- WORKING DATA
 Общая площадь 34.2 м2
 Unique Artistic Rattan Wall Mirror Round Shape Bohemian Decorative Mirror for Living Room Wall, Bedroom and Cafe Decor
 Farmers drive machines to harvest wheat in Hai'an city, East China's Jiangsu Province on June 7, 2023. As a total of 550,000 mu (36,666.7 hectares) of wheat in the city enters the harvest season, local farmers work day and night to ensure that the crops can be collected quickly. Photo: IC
--
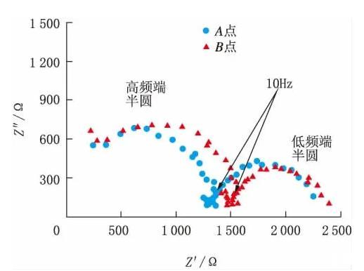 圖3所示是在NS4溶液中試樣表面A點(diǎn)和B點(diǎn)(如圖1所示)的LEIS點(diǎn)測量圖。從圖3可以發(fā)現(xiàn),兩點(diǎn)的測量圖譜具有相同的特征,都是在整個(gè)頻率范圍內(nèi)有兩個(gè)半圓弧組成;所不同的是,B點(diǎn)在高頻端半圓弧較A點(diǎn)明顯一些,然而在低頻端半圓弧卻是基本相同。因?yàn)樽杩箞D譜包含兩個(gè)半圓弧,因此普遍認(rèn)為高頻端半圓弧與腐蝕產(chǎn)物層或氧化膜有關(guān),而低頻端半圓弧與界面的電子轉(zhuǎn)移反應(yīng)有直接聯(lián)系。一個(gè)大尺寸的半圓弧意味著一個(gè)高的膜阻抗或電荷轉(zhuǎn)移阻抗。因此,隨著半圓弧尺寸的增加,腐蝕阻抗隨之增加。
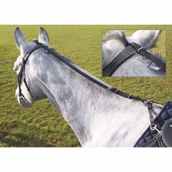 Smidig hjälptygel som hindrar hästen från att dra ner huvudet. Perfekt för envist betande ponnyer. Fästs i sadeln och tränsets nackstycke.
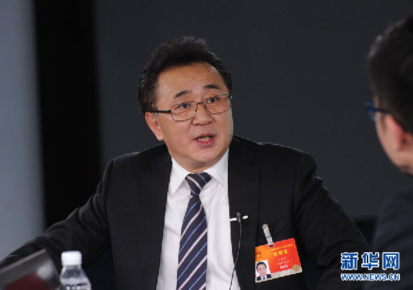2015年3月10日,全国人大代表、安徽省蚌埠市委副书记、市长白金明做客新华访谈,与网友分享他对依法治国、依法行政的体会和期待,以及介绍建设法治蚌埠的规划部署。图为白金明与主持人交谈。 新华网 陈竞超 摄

- INSTRUCTIONS FOR THE TASK
What you return must be the lines above that run from the line with "Общая площадь 34.2 м2" to the line with "Farmers drive machines", inclusive, each copied exactly.

- WRITTEN REPLY
 Общая площадь 34.2 м2
 Unique Artistic Rattan Wall Mirror Round Shape Bohemian Decorative Mirror for Living Room Wall, Bedroom and Cafe Decor
 Farmers drive machines to harvest wheat in Hai'an city, East China's Jiangsu Province on June 7, 2023. As a total of 550,000 mu (36,666.7 hectares) of wheat in the city enters the harvest season, local farmers work day and night to ensure that the crops can be collected quickly. Photo: IC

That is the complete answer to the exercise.